▶ [WHAT YOU WILL DO] Word for word, copy the data that follows and skip its pictures.

▶ [DATASET EXTRACT]

BEGIN

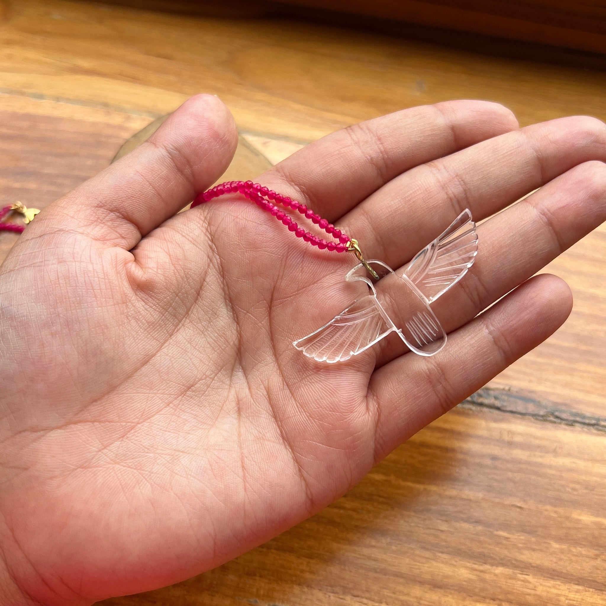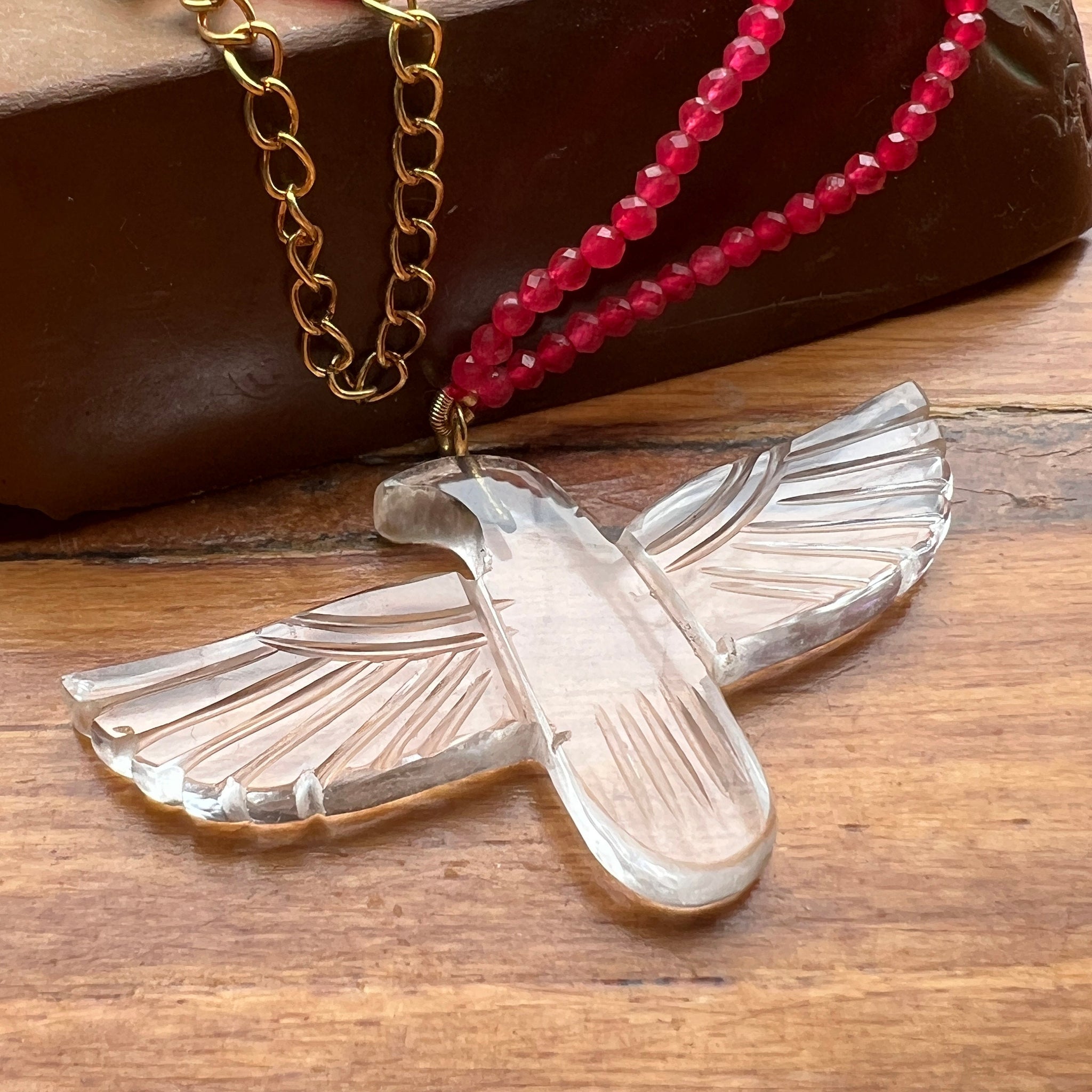 Hand Carved Crystal Soaring Phoenix Bird Pendant Necklace
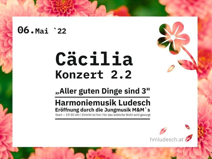 Und am Freitag, den 06. Mai um 19:30 Uhr werden wir unser verschobenes Cäciliakonzert nachholen. Dazu laden wir alle Interessierten aus Nah und Fern herzlich in die Blumenegghalle nach Ludesch ein.
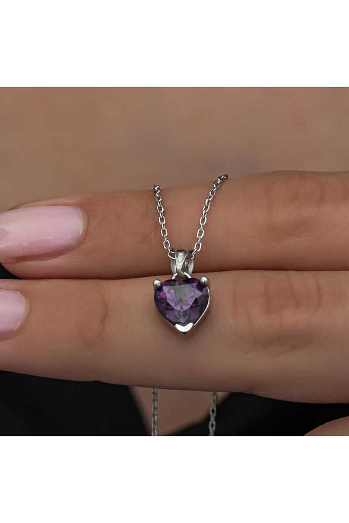 Samur Parti Parti Aksesuar & Kostüm 925 Ayar Gümüş Mor Taşlı Kalpli Kadın Kolye

END

▶ [EXERCISE SOLUTION]
 Hand Carved Crystal Soaring Phoenix Bird Pendant Necklace
 Und am Freitag, den 06. Mai um 19:30 Uhr werden wir unser verschobenes Cäciliakonzert nachholen. Dazu laden wir alle Interessierten aus Nah und Fern herzlich in die Blumenegghalle nach Ludesch ein.
 Samur Parti Parti Aksesuar & Kostüm 925 Ayar Gümüş Mor Taşlı Kalpli Kadın Kolye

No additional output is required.